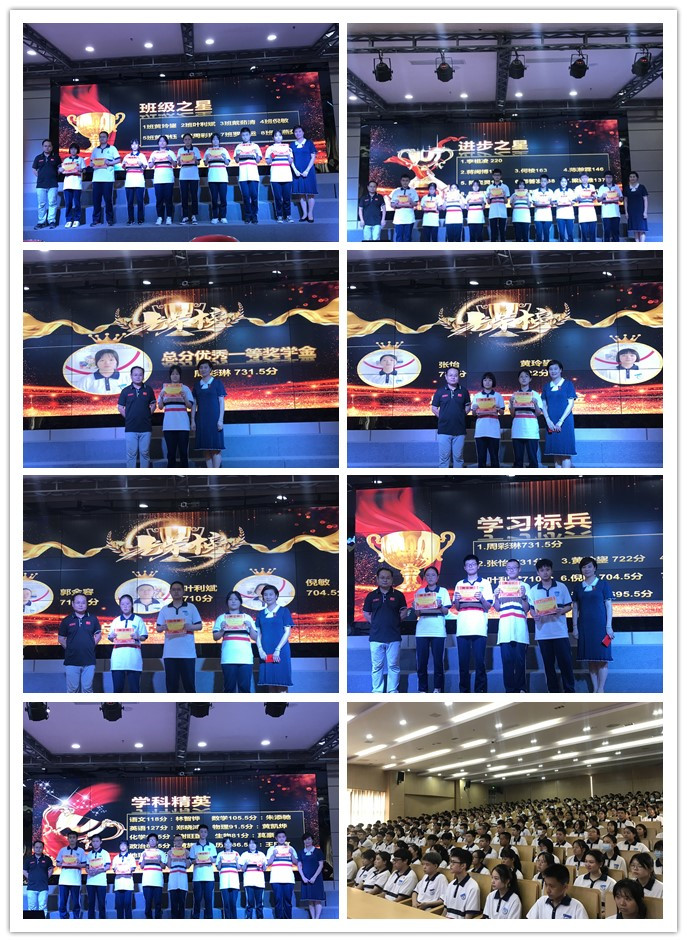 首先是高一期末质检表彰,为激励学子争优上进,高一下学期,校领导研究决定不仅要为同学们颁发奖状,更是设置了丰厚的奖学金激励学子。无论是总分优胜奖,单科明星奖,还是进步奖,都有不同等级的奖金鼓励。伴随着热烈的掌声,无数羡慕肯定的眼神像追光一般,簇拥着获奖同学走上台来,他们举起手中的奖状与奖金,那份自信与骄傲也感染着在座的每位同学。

* * *

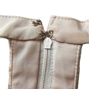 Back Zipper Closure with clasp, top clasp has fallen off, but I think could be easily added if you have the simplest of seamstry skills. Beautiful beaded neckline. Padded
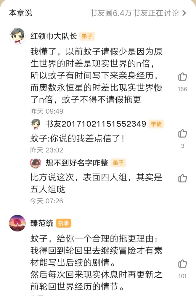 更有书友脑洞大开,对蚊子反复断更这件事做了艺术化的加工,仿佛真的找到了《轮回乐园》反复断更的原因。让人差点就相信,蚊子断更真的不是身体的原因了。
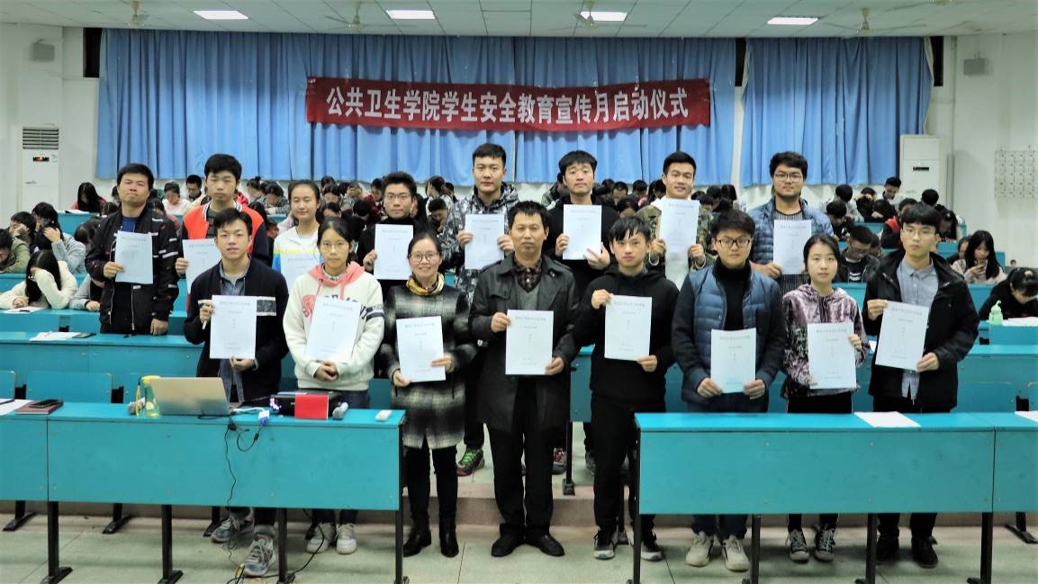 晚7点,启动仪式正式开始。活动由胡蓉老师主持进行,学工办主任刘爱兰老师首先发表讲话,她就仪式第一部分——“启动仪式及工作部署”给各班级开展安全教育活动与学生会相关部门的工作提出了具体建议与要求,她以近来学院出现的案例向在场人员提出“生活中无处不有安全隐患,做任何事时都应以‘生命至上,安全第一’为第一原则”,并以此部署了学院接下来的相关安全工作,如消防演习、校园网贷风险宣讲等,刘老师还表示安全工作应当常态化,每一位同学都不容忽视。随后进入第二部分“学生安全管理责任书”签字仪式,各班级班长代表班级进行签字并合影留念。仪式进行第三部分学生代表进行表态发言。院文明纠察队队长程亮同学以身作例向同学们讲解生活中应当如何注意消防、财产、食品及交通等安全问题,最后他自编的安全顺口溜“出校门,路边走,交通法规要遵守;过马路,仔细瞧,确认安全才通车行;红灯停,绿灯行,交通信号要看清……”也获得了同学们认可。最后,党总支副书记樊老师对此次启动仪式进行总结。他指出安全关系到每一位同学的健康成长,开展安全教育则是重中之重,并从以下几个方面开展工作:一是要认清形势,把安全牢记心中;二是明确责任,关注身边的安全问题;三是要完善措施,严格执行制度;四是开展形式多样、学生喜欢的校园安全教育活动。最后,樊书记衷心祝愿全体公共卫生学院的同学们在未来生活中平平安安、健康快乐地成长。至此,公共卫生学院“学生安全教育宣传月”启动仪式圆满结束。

--

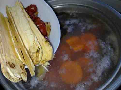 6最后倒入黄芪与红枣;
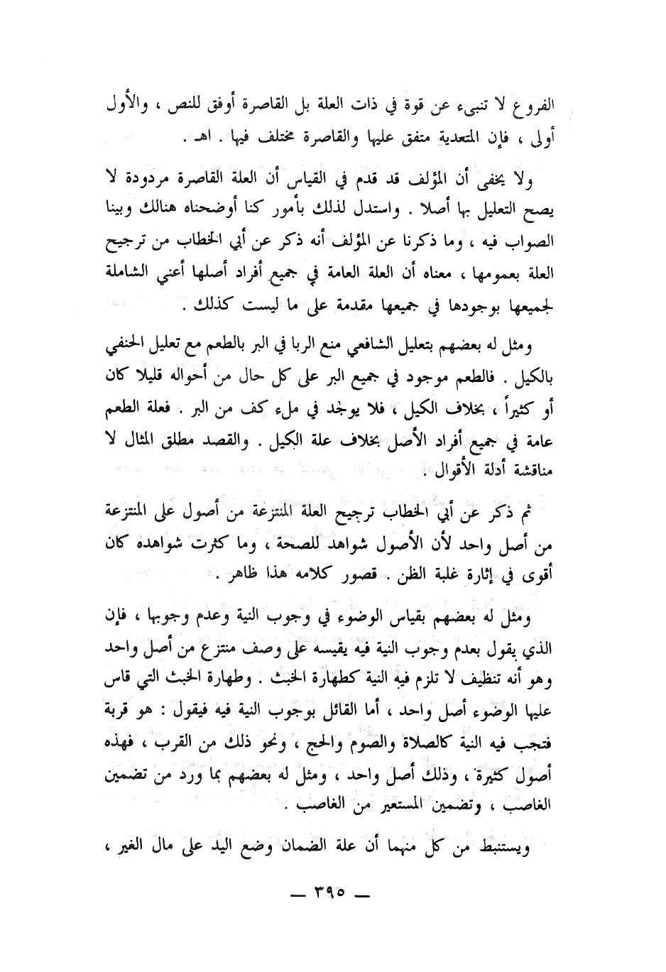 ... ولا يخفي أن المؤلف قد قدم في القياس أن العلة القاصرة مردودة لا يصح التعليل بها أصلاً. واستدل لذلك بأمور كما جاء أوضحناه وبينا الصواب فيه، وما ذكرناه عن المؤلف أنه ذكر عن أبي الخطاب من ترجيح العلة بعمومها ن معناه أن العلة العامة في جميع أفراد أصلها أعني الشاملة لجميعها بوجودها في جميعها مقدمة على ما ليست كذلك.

=== Exercise ===
Here the job is to copy the listing above word for word, starting at the line with "6最后倒入黄芪与红枣;" and ending at the line with "ما ليست كذلك.", and to leave out the pictures.

=== Solution below ===
 6最后倒入黄芪与红枣;
 ... ولا يخفي أن المؤلف قد قدم في القياس أن العلة القاصرة مردودة لا يصح التعليل بها أصلاً. واستدل لذلك بأمور كما جاء أوضحناه وبينا الصواب فيه، وما ذكرناه عن المؤلف أنه ذكر عن أبي الخطاب من ترجيح العلة بعمومها ن معناه أن العلة العامة في جميع أفراد أصلها أعني الشاملة لجميعها بوجودها في جميعها مقدمة على ما ليست كذلك.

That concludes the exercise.